Lacson backs Duterte in war vs drugs

Senator Panfilo "Ping" Lacson. VINCENT CABREZA/INQUIRER NORTHERN LUZON FILE PHOTO

Senator Panfilo “Ping” Lacson. VINCENT CABREZA/INQUIRER NORTHERN LUZON FILE PHOTO

Comebacking Sen. Panfilo Lacson is ready to support President-elect Rodrigo Duterte’s war on drugs, going so far as to donate his unspent campaign funds toward the bounty law enforcers would be paid when they capture or kill drug suspects.

Sen.
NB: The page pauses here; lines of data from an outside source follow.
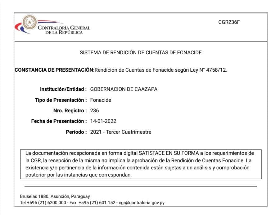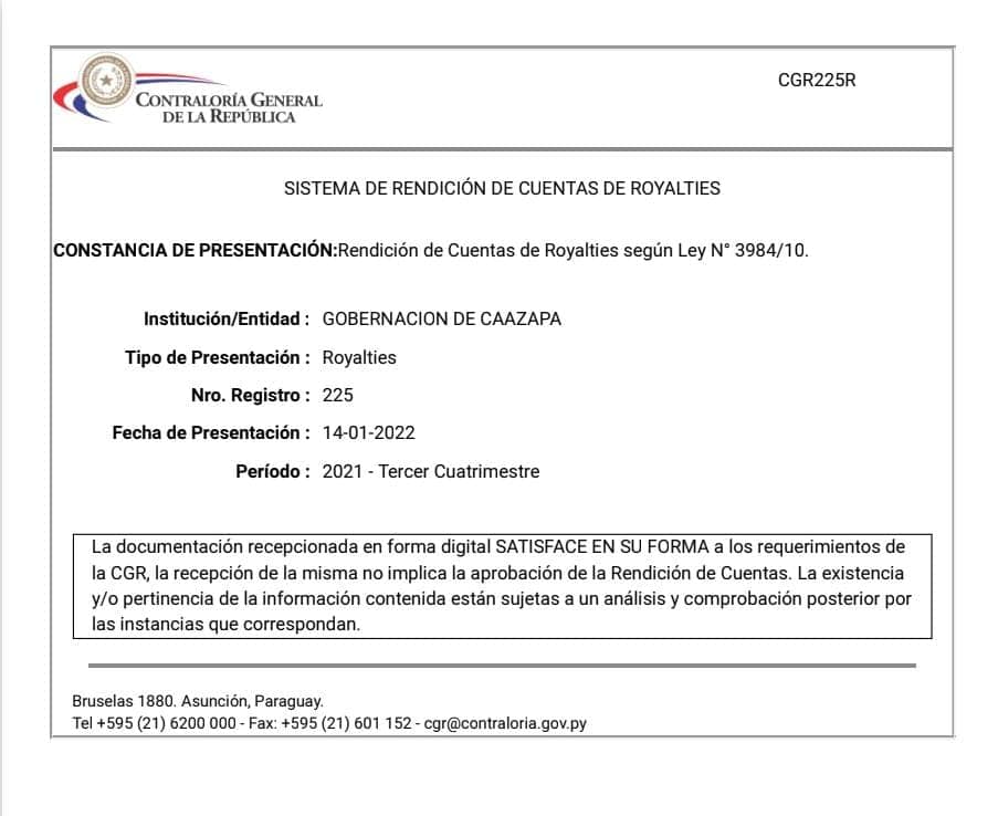 El Gobernador de Caazapá Abg. Pedro Alejandro Díaz Verón presentó en tiempo, forma y con transparencia ante la Contraloría General de la República la Rendición de Cuentas de los recursos correspondientes a ROYALTIES y FONACIDE, dando cumplimiento con las disposiciones legales vigente.
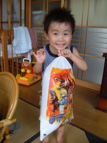 昨日の夕方に商店街のお祭りでゆうゆに買ってもらった綿あめ。袋が恐竜だからどうしても欲しいって駄々こねたそうです。
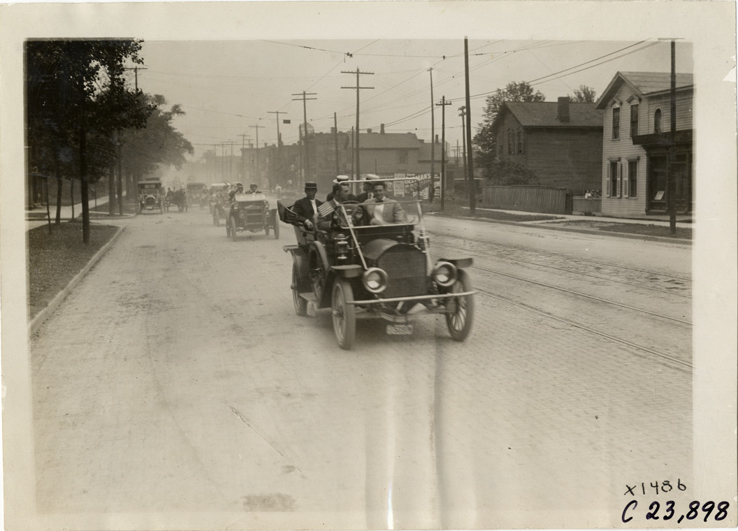 Motorists in automobiles traveling on street, 1910 Glidden Tour
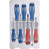 Набор отверток в коробке King Tony 30117MR — это универсальный ручной инструмент, который применим как дома, так и в мастерской для работы с крепежными узлами. Комплект состоит из 7 отверток, двух крестовых и пяти шлицевых. Рабочая часть инструмента выполнена из хромованадиевой стали и прошла процесс термической обработки поверхности, что увеличивает ее прочность. Двухкомпонентные рукоятки отличаются стойкостью к маслам, кислотам и другим химическим веществам.
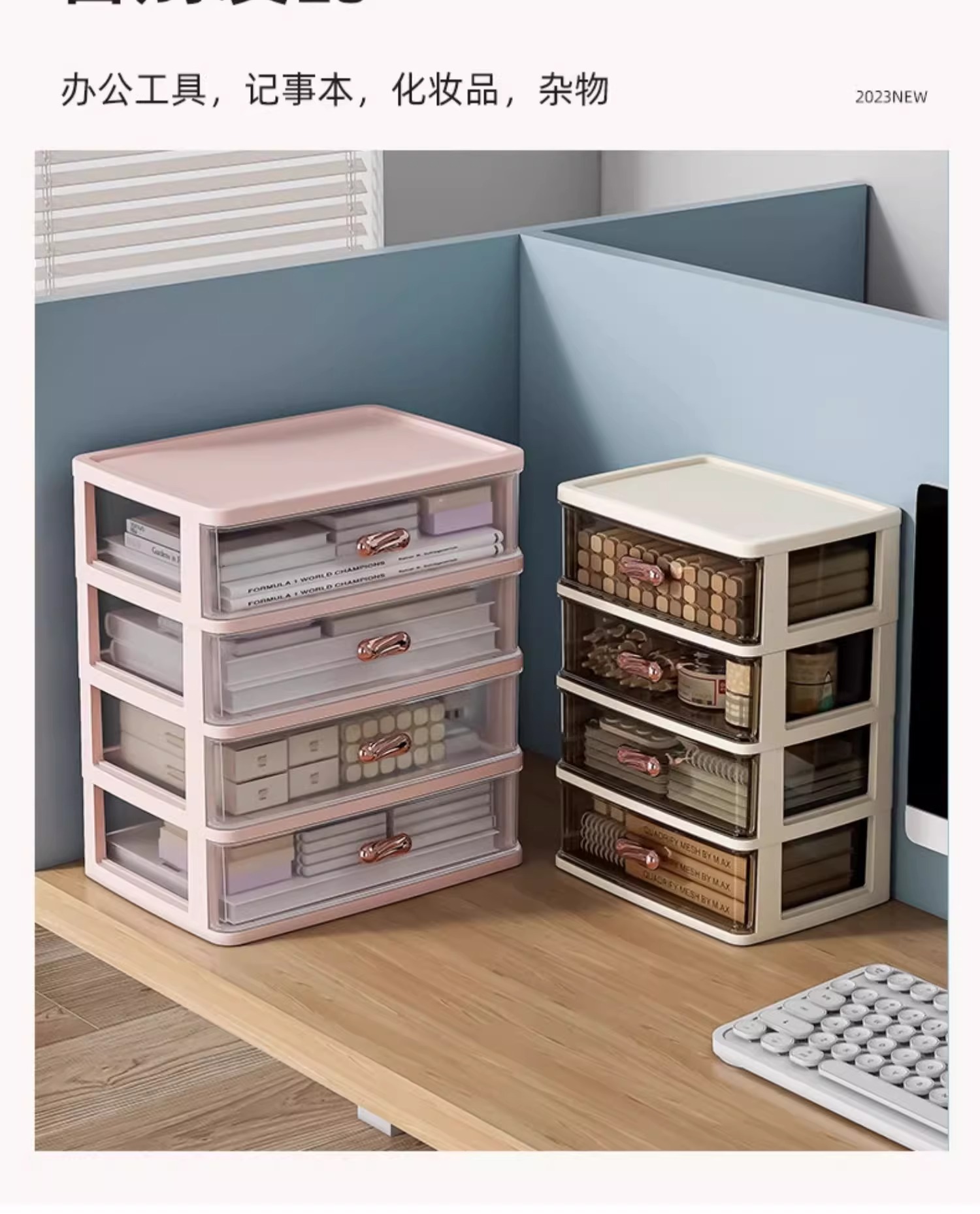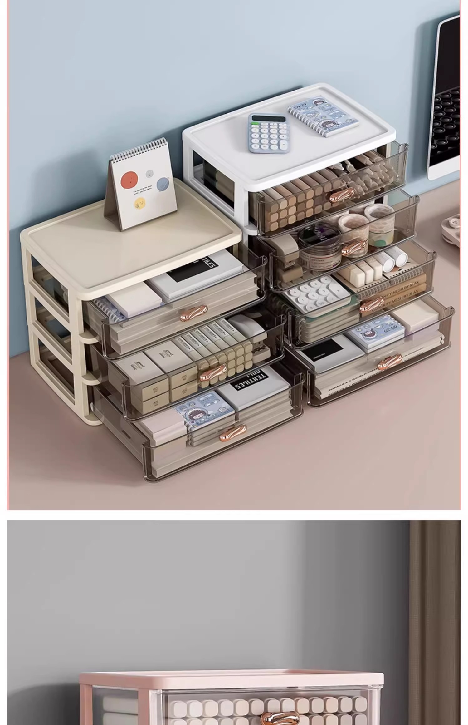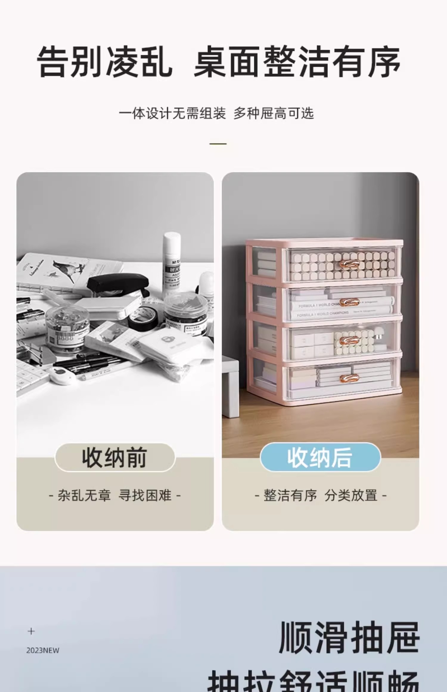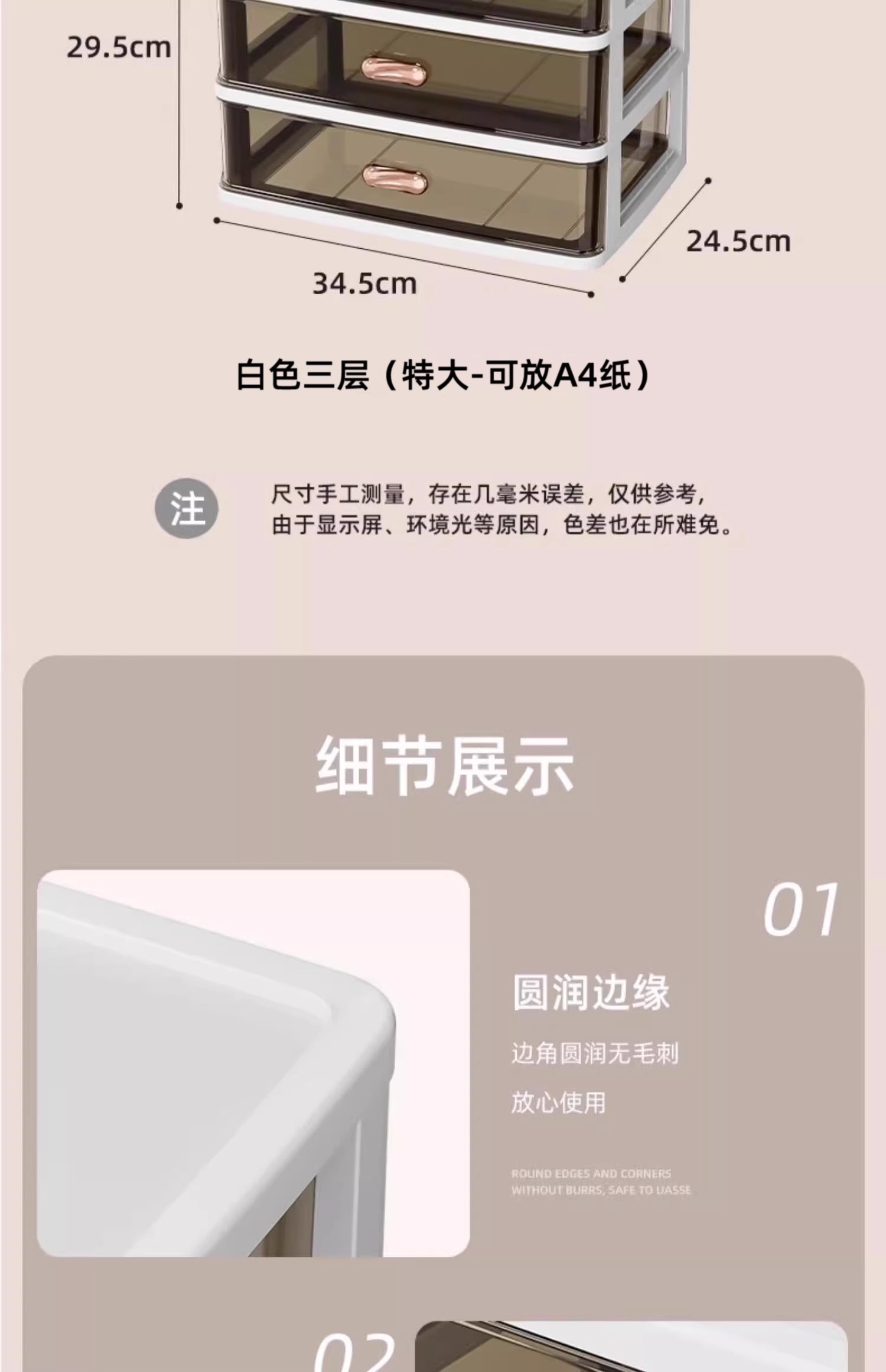 抽屉式桌面收纳盒办公室工位整理文具置物架镀金把手化妆品储物柜
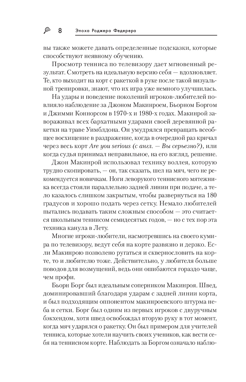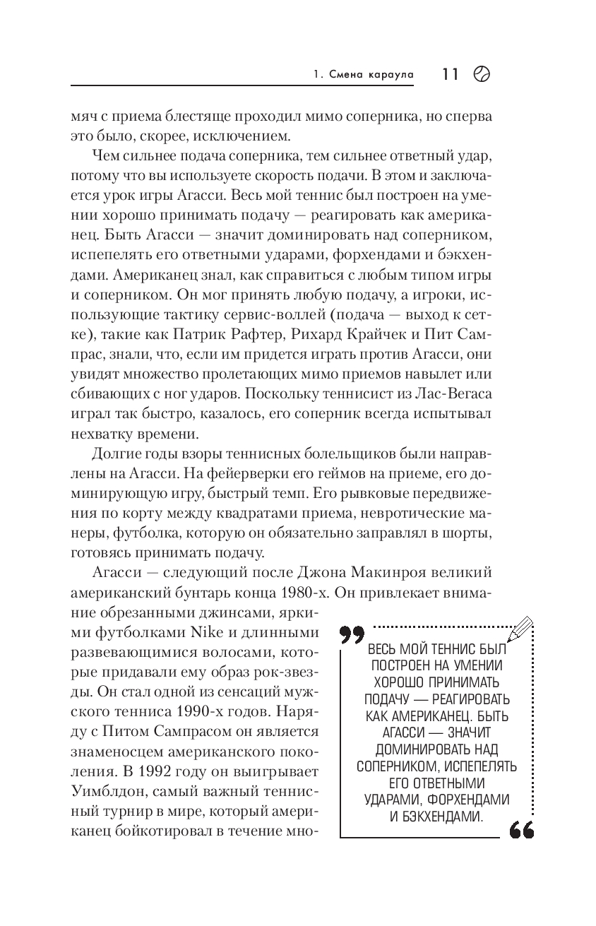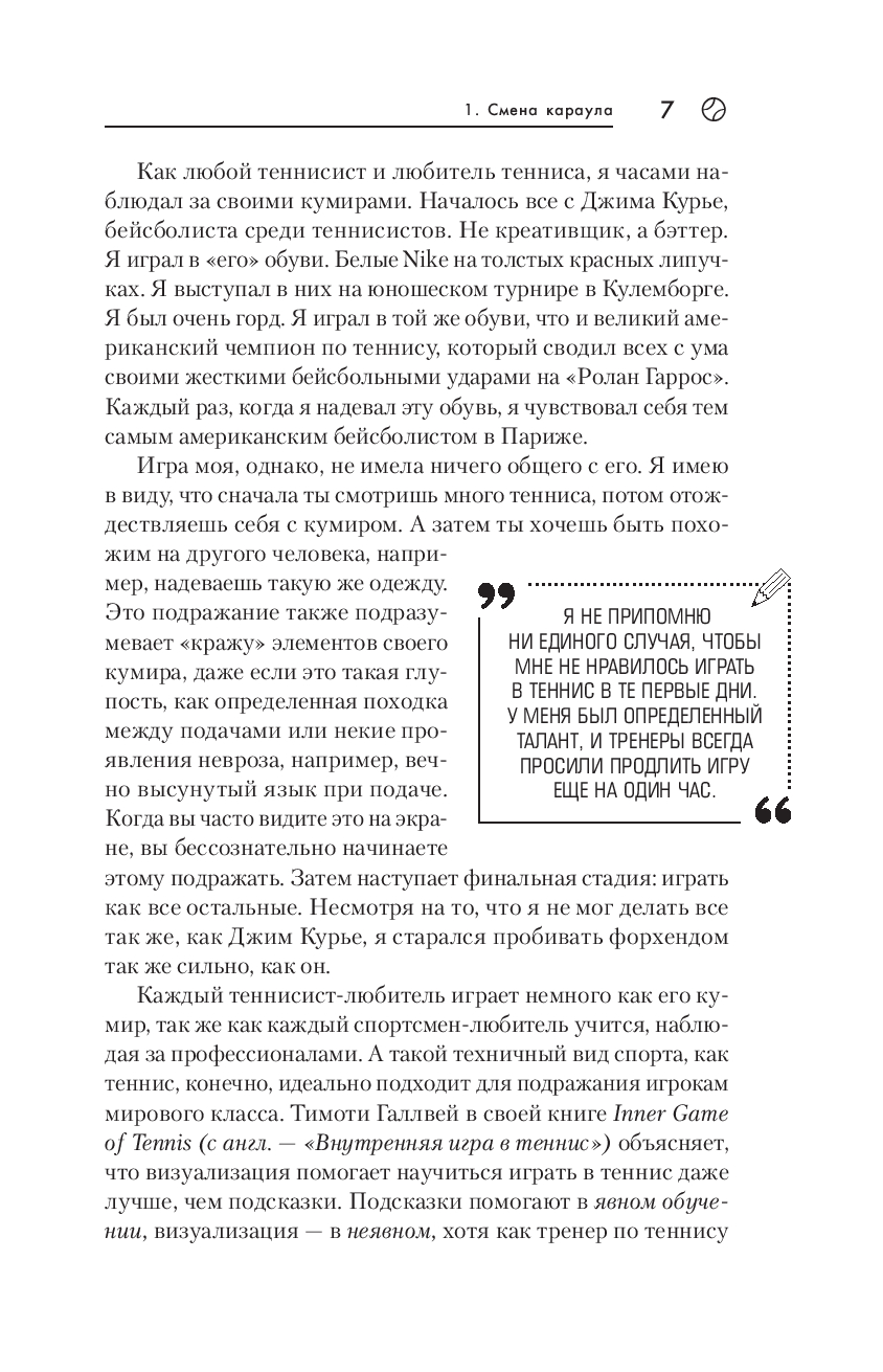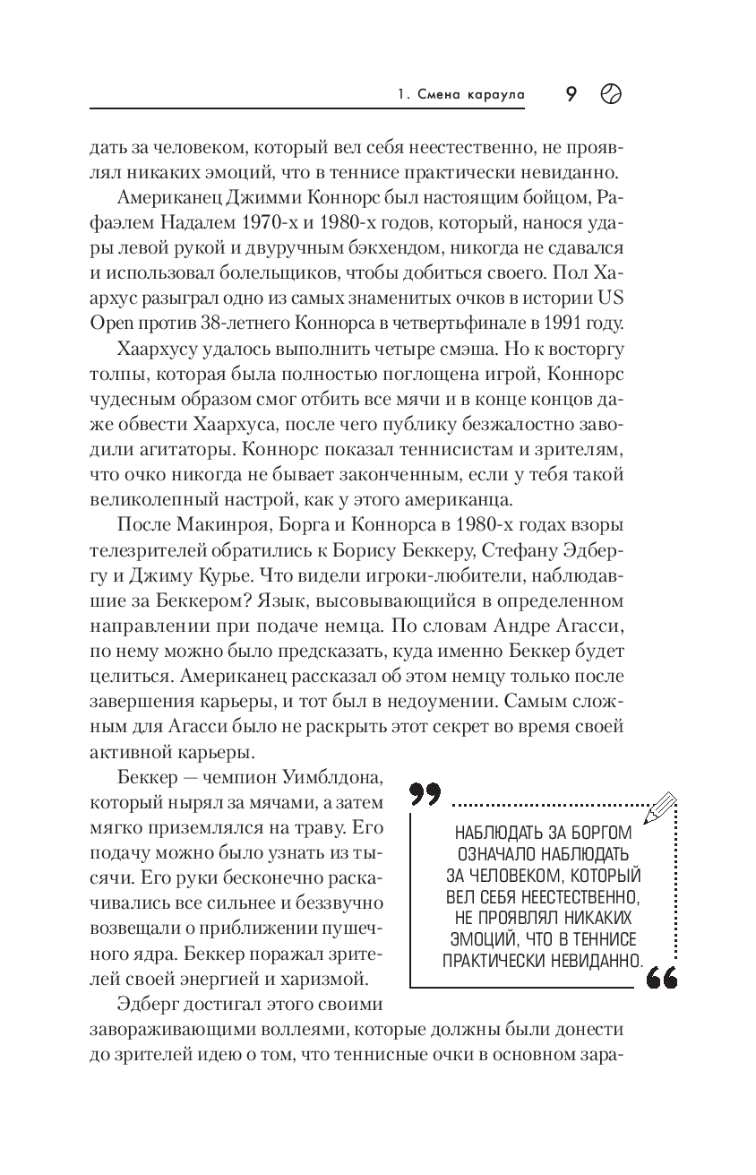 Один из величайших игроков в истории тенниса, обладающий неповторимым стилем и фантастической техникой, он искал совершенства везде – и на корте, и вне его. Он сделался иконой стиля, встал в ряд с самыми авторитетными и уважаемыми спортивными деятелями в мире.
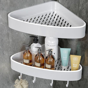 Set van 2 doucheplanken zonder boren, zelfklevende doucheplank, kunststof badkamerorganizer, hoekplank, doucheplank, hoekdoucheplank, badkamerplank, badkamerplank, douchemand voor badkamer en keuken, wit
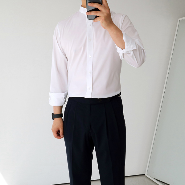 세미수트 이너로 잘 어울리는 화이트 차이나 와이셔츠
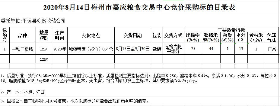 受客戶委托,梅州市嘉應(yīng)糧食交易中心有限公司定于2020年8月14日(星期五)舉辦糧食競(jìng)價(jià)交易會(huì),平遠(yuǎn)縣糧食收儲(chǔ)公司擬采購(gòu)2020年早秈稻1260噸。
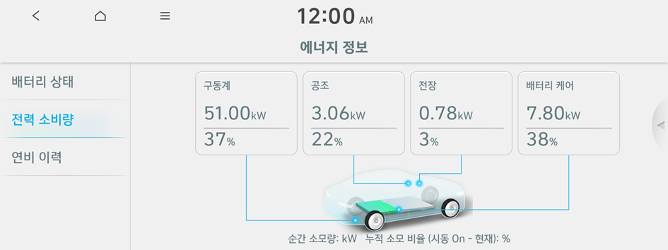 구동계, 공조, 전장, 배터리 케어 기능의 전력 소비량을 확인할 수 있습니다.
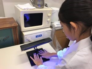 実際に体験した内容はブラックライトを用いた手洗いチェック、
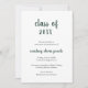 Minimalist graduation announcement card featuring a simple and classic design with "class of year" and the graduate's name in a thick forest green script handwriting over a white background. The backside is solid forest green. A traditional announcement card with a modern flair for a girl graduate.
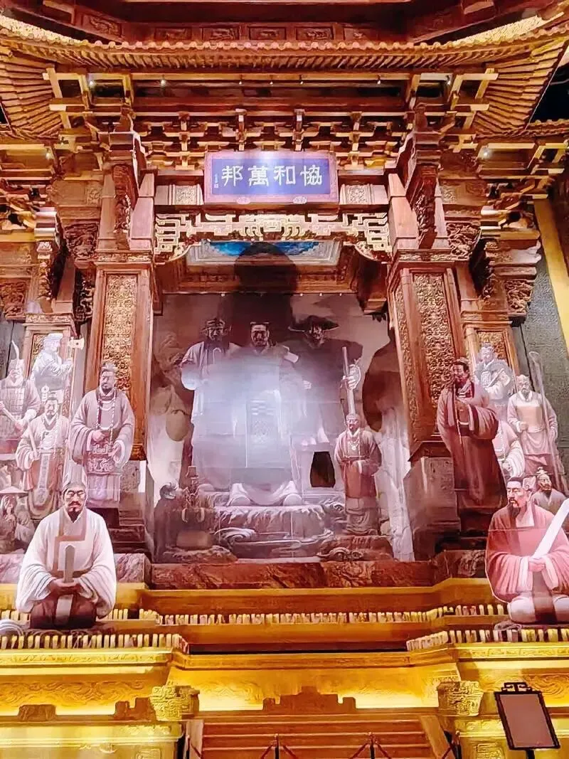 采用 360 度环形剧场设计,全景演绎汉代历史,结合投影与实景,再现刘邦建国等经典场景。

Vicente Sotto likewise voiced his support for Duterte’s war on illegal drugs.

“Whatever it takes to take down the scourge of illegal drugs,” Sotto said in text message.

Duterte spelled out on Tuesday night his strategy for curbing the drug menace in the country in six months.

He said he would put up the remainder of his campaign funds as a bounty for police and military officials who neutralize drug suspects “dead or alive.”

He offered up the following rates: P3 million for a drug lord; P2 million for a distributor; P1 million for a “second echelon” syndicate member, and P50,000 for an “ordinary” pusher.

Targets will include antinarcotics agents involved in the illegal drug trade and imprisoned drug lords who continue to run their operations from behind bars, Duterte said.

Resist and be killed

Suspects who put up resistance during their arrest would be killed, while those who raise their hands in surrender would be spared, he added.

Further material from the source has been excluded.